Yale historian’s research, teaching gives students new window to an ancient world

When it comes to teaching about the link between human history and climate change, no one goes to greater lengths — literally — than Yale’s Joseph Manning.
Joseph Manning lecturing with a photo of ancient papyri in the Beinecke library.

Using ancient papyri in the Beinecke Rare Book and Manuscript Library, Joseph Manning demonstrates to his students how to trace societal responses to environmental conditions.

Yale environmental historian Joseph Manning goes to great lengths to emphasize the lessons that he teaches his students — even as far as taking them to Nevada.

Manning, the William K. and Marilyn Milton Simpson Professor of Classics and History, is the principal investigator on a National Science Foundation (NSF) grant to study the link between human history and climate change. Manning wanted to demonstrate what he was teaching in his graduate seminar, “Climate, Environment, and Ancient History,” so he took his students on a field trip to see first-hand how historical data on environmental conditions and climatic change can be linked to a range of societal responses, including, in some instances, massive human migration.

Manning’s Yale-based NSF project is an international collaboration among historians, scientists, hydrologists, and statisticians who seek to understand how large volcanic eruptions can reduce average global temperatures and suppress average global precipitation, causing dramatic effects on annual rainfall on the Nile watershed in ancient times. The human response to this annual flooding, and to its variability over the years, was the major driver of Egyptian history up to the completion of the high dam at Aswan in 1970, notes Manning.

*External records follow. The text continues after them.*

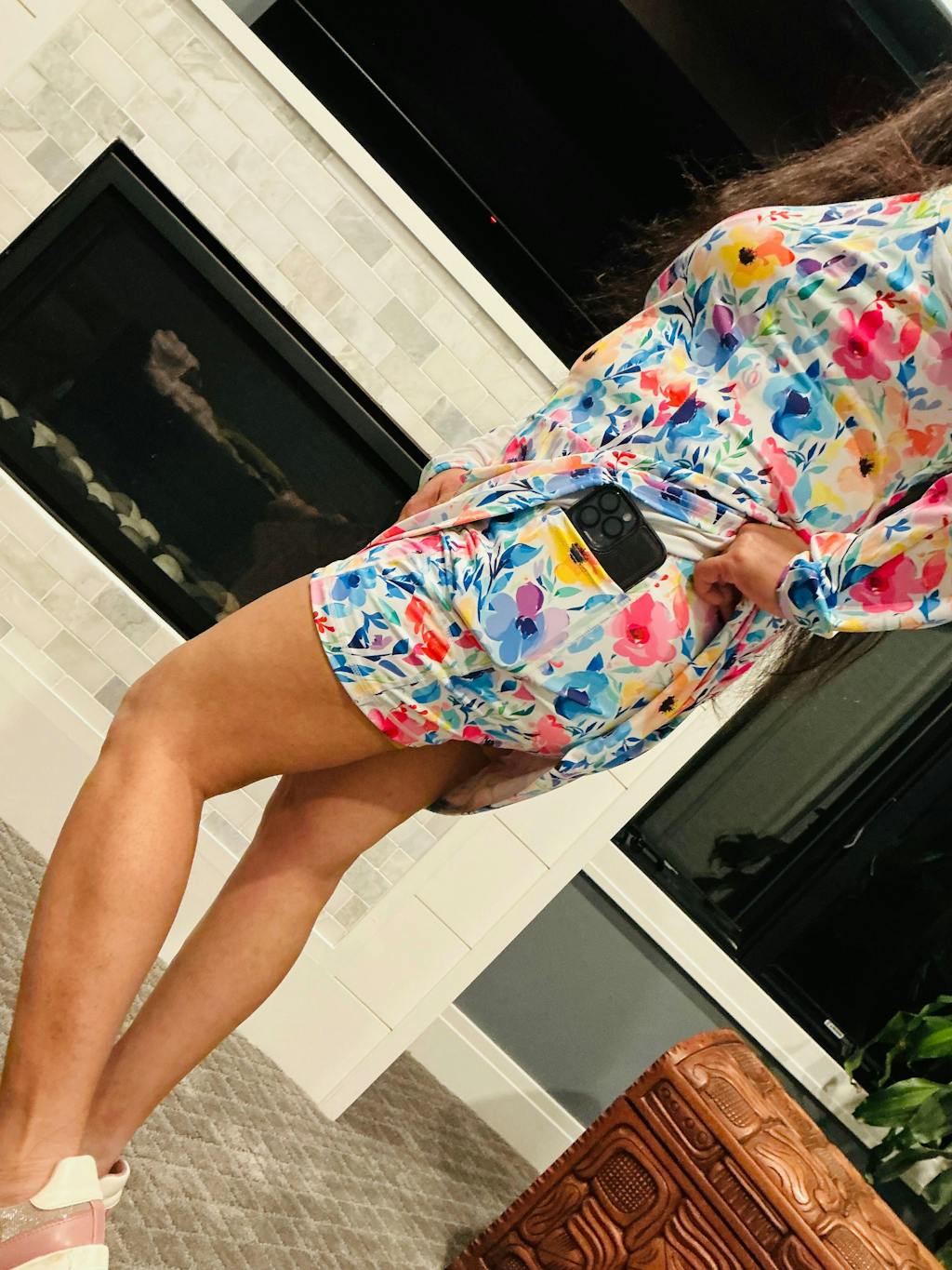 The pattern is super cute and bright — perfect for warm weather days. The fabric is really soft, and I love the mesh detail on the sleeves for a little extra breathability. The shorts do have one pocket (wish there were two), but overall the fit is comfy and flattering. I’m wearing a size large and could easily size down for a more fitted look. For reference: 5’4”, 160 lbs.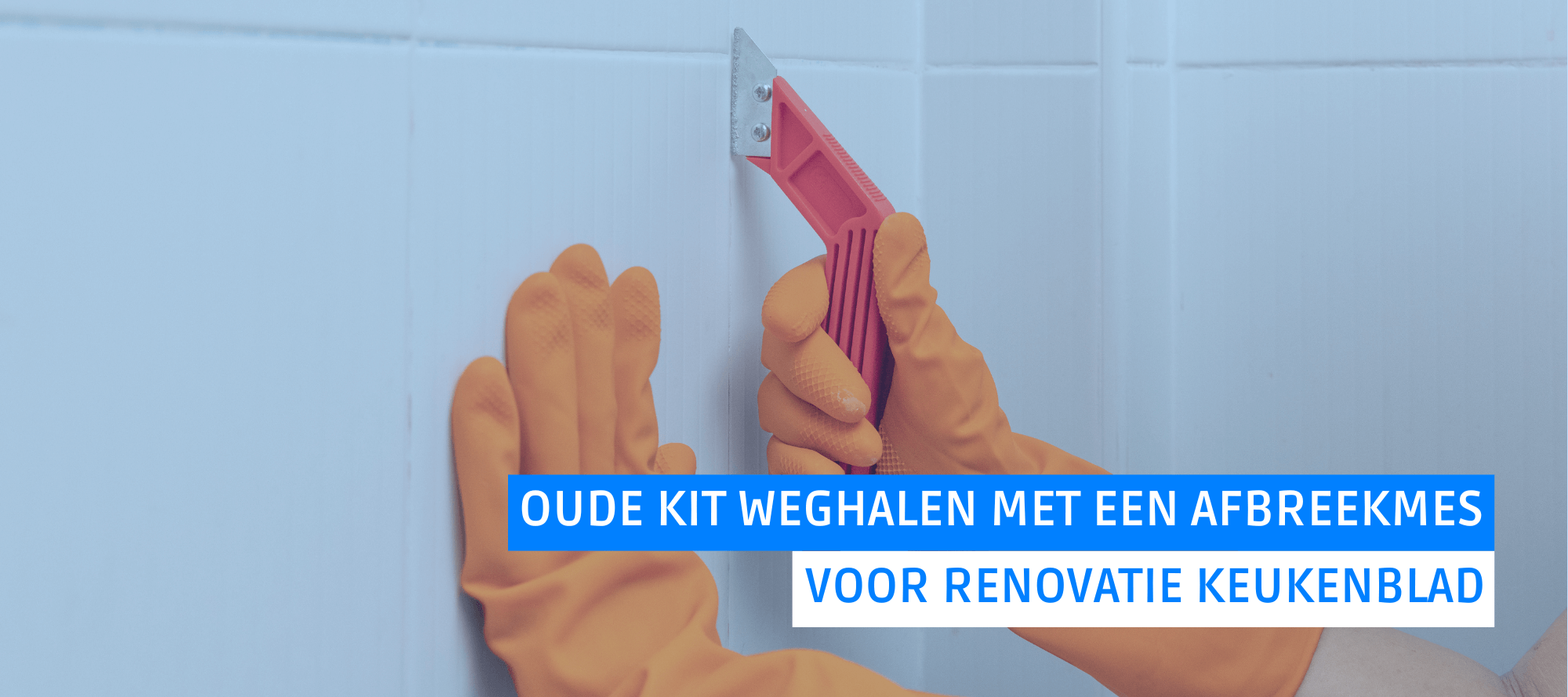 Is je keuken toe aan een renovatie en zit er al een kitnaad tussen je aanrechtblad en de wand? Begin dan met het zorgvuldig verwijderen van de oude kit (Lees blog hierover). Gebruik een stevig en scherp afbreekmes om voorzichtig een stukje van de kitnaad los te snijden. Probeer de kit er rustig uit te trekken. Mocht dit niet lukken, snijd dan de gehele kitnaad uit de voeg.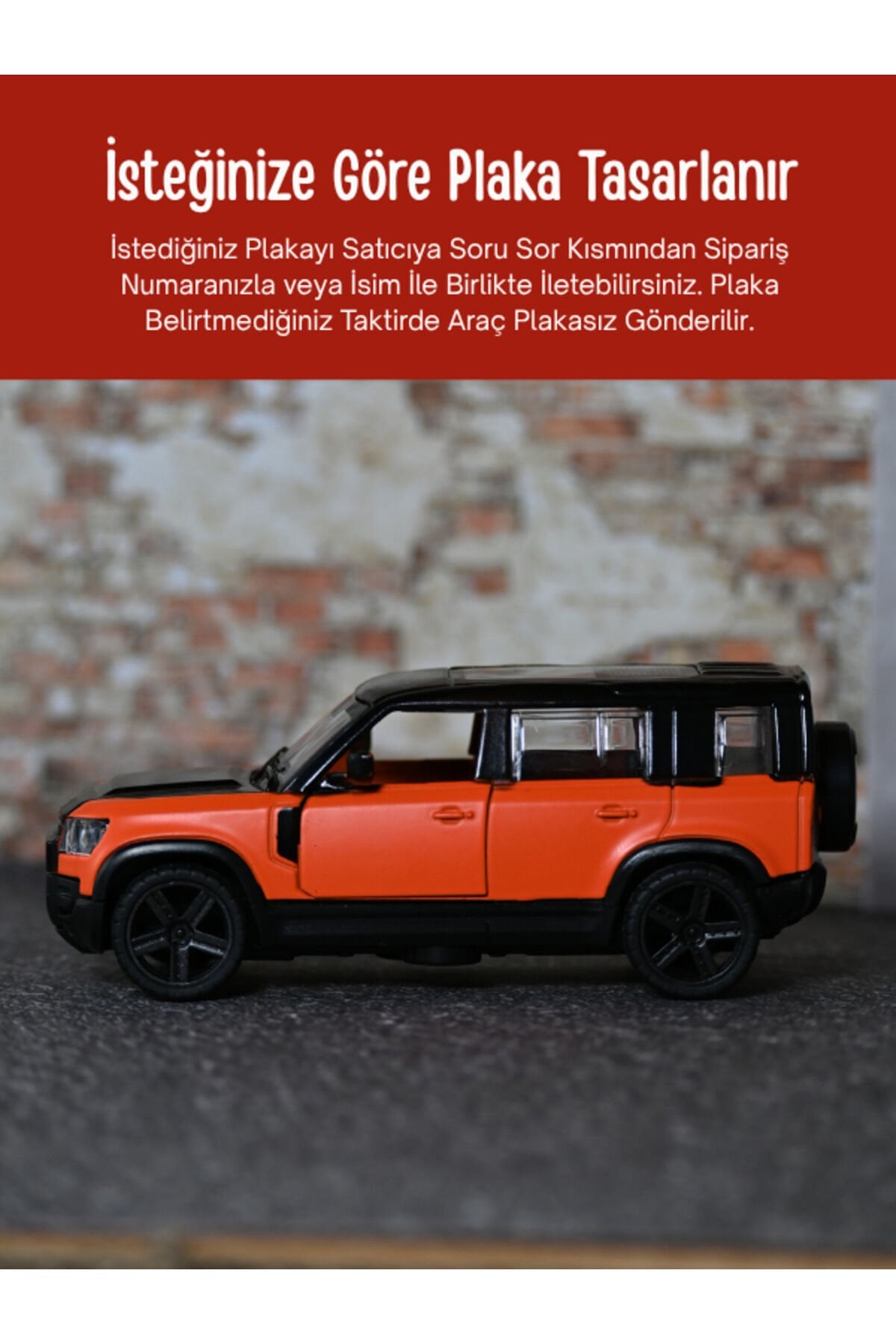 - Nemli bir bezle kolayca temizlenebilir, böylece Land Rover Defender Metal Oyuncak Araba'nız her zaman yeni gibi kalır.; - Kişiye özel hediye plakası ile sevdiklerinize unutulmaz bir hediye sunar.; - Turuncu renk seçeneğiyle dikkat çekici ve canlı bir görünüm sağlar.; - CN (Çin) menşei, kaliteli işçilik ve dayanıklılık vaat eder.;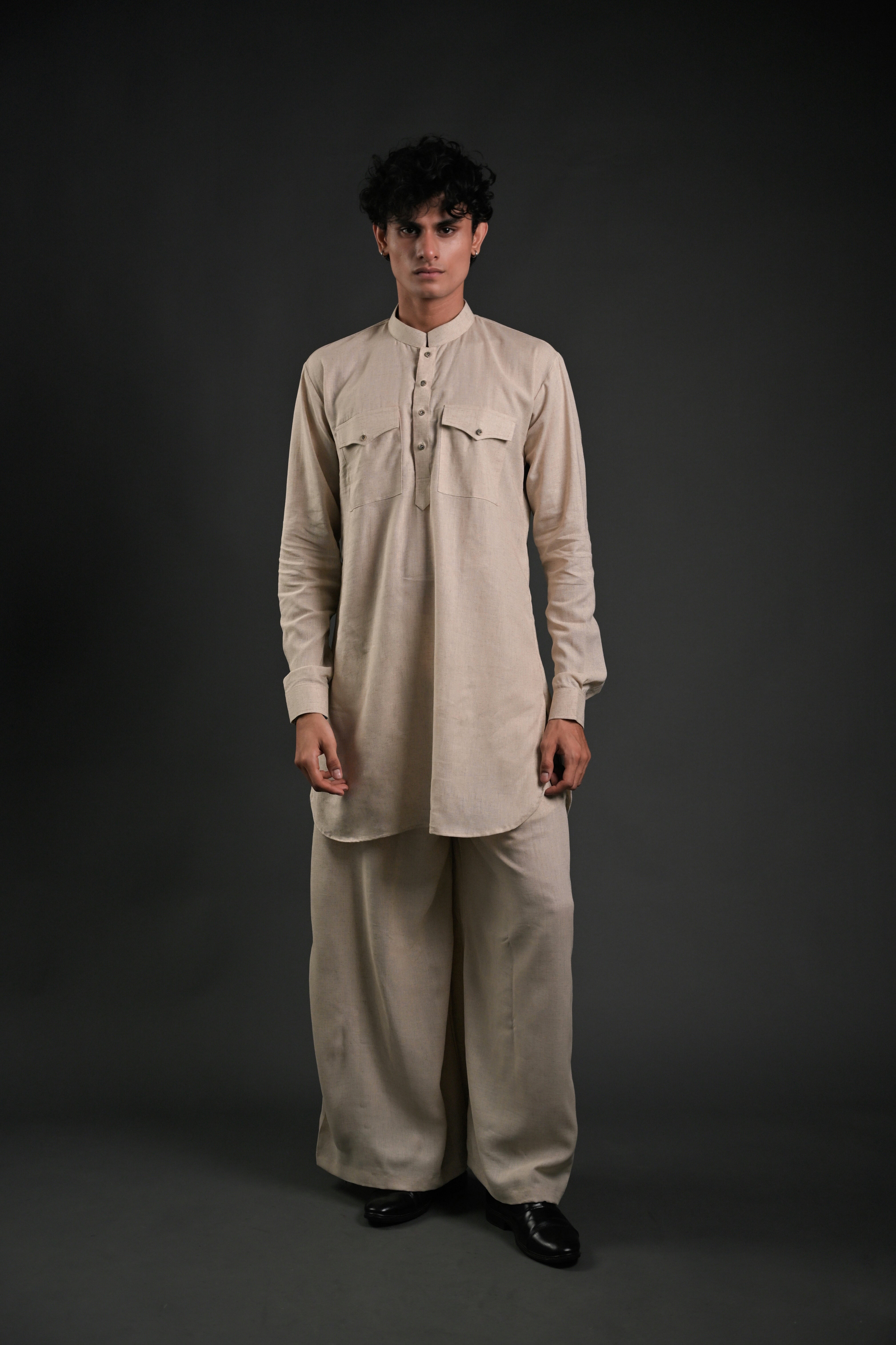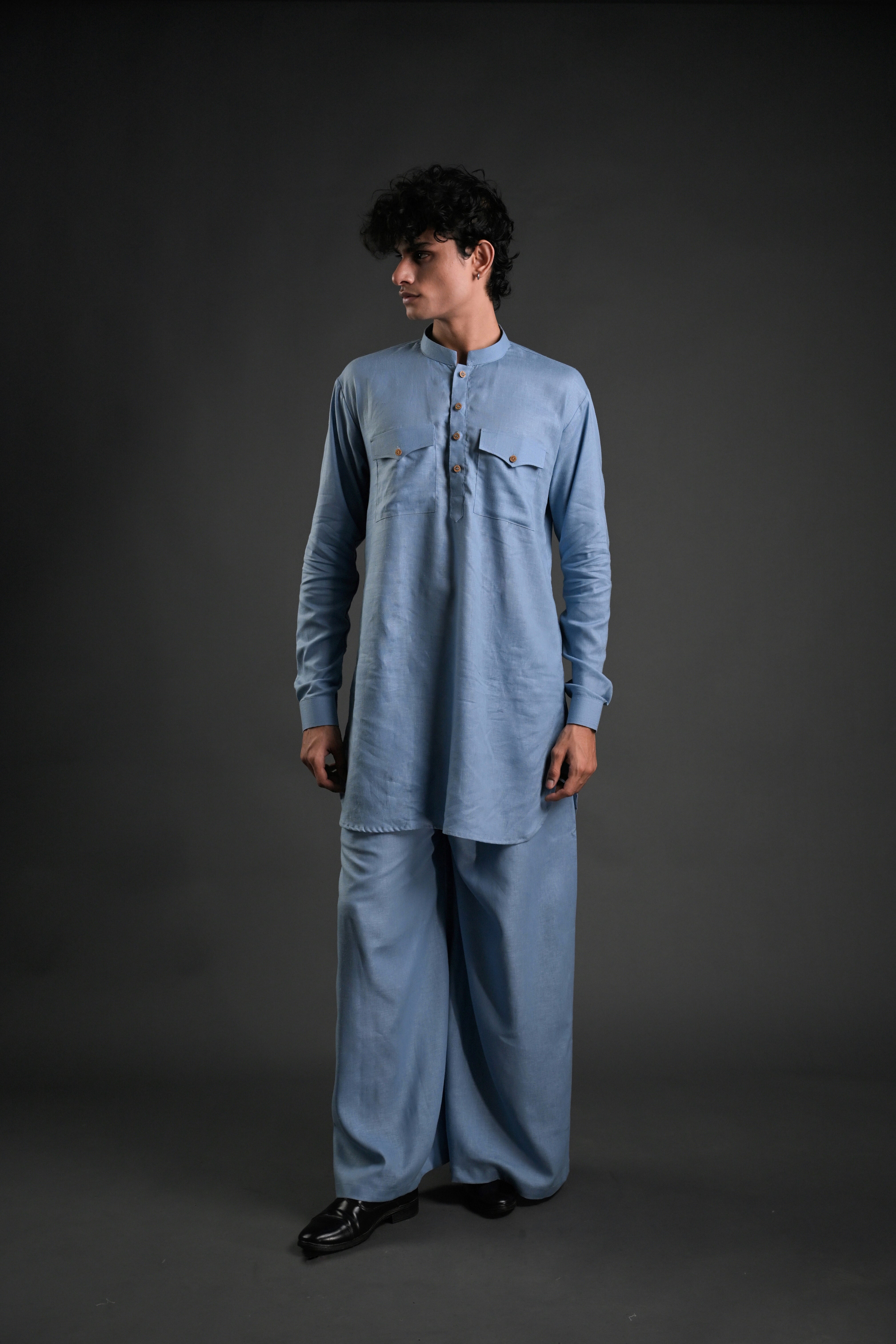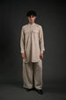 Step into effortless elegance with our Classic Linen Blend Pathani Suit with Flared Pants. Crafted from premium linen blend fabric, this ensemble blends timeless tradition with contemporary style. The short kurta features a mandarin collar, full regular sleeves, and a side-slit design for added comfort and versatility. Paired with flared pants, this outfit is ideal for family gatherings, wedding functions, or casual evening lounging. The curved hemline adds a modern touch to the classic Pathani silhouette, making it a perfect choice for any occasion.

Manning traveled with his students — some of whom are participating on his NSF project — to the Desert Research Institute (DRI) in Nevada, a center that is considered to be a world leader in investigating the effects of natural and human-induced environmental change. The students worked one-on-one with Joe McConnell ’82, a research professor at DRI, to learn how historians can use the study of ice cores — which contain layers showing the annual snowfall over thousands of years and thus the atmospheric conditions — to learn more about the human impact on climate change.

As a result of that trip, says Manning, the students now know how to critique articles on ice core geochemistry, a critical part of the research for the NSF grant.

Manning and students at the Desert Research Institute in Nevada.
From left to right: Kevin Hoffman, Pamela Santibáñez, Monica Arienzo, Nadia Grisaru, Joe McConnell, Joseph Manning, Meghan Poplacean, Nathan Chellman, Joseph Morgan, and Nazim Can Serbest. Manning took his graduate seminar, “Climate, Environment, and Ancient History” to the Desert Research Institute in Nevada.

Joining the graduate students was Nadia Grisaru ’20, a geology and geophysics major and the project manager on Manning’s NSF grant. What she learned at DRI couldn’t be replicated in the classroom, she says. “I previously knew about glaciers and ice sheets, but had never seen or helped analyze an ice core myself,” says Grisaru. “The trip to DRI was a fascinating experience — from touring the facilities, to meeting the scientists and learning about their work, and getting to help process a core in the lab. It also helped me imagine myself doing work in a similar field.”

Grisaru adds that being at DRI with the students in Manning’s graduate seminar also enhanced the experience. “Hearing about the individual research projects and specializations of each of the students was a great way to understand how important this project could be for creating a conversation between the fields of history and science. It was also exciting to hear from people who are studying such different things but sometimes use similar processes,” she says.

The trip was also an opportunity for Manning himself to learn new, “extraordinarily technical” research from McConnell, who is “a pioneer in these techniques,” says the Yale historian.

Back on campus, Manning continued his lessons outside of the classroom by taking his NSF project team to the Beinecke Rare Book and Manuscript Library, where he used ancient papyri in the library’s papyrus collection to show the students how to trace societal responses to environmental conditions.

Manning illustrated how it was possible to reconstruct climate environment and societal changes from the human archives to show the complexity of the human response to these changes. This research, says Manning, gives us a new window on the ancient world and will also broaden our understanding of best-practice responses to the changing climate in the modern world.

The work that we are doing in the human archives is to reconstruct climate, environment, and changes to show us the complexity of the human response to these changes,” says Manning. “This project is fundamentally changing how we do premodern or preindustrial history.”

When observing the papyri at the Beinecke, Grisaru says, she was “blown away by the ability of the historians in the room to understand and infer so much from such tiny, seemingly insignificant pieces of information. Whether it was dating the papyri based on the person addressed in the letter or inferring agricultural prosperity based on the number of units of donkey feed mentioned, they were able to decipher the writing, and use their larger knowledge of the historical context to place and understand the significance of each document. To think that these papyri were but a few in the collection under study is staggering,” she says.

This research gives us tremendous insights into a more dynamic understanding of human beings and how we are extraordinarily flexible and resilient in the face of climatic change — until we are not,” says Manning.